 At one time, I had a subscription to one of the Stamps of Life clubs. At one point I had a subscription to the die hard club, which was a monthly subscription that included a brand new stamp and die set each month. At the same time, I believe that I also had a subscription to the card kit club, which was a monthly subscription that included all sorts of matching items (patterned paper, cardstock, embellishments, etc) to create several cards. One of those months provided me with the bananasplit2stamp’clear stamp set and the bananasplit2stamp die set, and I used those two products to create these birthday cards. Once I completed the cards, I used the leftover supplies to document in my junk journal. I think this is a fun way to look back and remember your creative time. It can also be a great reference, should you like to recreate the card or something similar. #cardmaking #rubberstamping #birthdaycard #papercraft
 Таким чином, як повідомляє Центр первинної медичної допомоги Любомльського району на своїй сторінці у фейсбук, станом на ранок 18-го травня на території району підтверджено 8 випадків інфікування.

^^^^^^^^

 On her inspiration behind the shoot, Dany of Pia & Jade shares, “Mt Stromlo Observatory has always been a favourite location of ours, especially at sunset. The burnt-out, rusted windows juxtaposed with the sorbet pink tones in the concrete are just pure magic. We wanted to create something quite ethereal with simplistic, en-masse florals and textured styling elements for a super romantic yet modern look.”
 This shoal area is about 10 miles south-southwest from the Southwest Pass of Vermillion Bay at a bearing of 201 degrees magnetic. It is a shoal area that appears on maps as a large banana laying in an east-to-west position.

^^^^^^^^

● HOW TO COMPLETE THIS TASK
The required output is every line above from the one with "At one time, I" down to the one with "Таким чином, як", restated word for word, ends included.

● RESPONSE AREA
 At one time, I had a subscription to one of the Stamps of Life clubs. At one point I had a subscription to the die hard club, which was a monthly subscription that included a brand new stamp and die set each month. At the same time, I believe that I also had a subscription to the card kit club, which was a monthly subscription that included all sorts of matching items (patterned paper, cardstock, embellishments, etc) to create several cards. One of those months provided me with the bananasplit2stamp’clear stamp set and the bananasplit2stamp die set, and I used those two products to create these birthday cards. Once I completed the cards, I used the leftover supplies to document in my junk journal. I think this is a fun way to look back and remember your creative time. It can also be a great reference, should you like to recreate the card or something similar. #cardmaking #rubberstamping #birthdaycard #papercraft
 Таким чином, як повідомляє Центр первинної медичної допомоги Любомльського району на своїй сторінці у фейсбук, станом на ранок 18-го травня на території району підтверджено 8 випадків інфікування.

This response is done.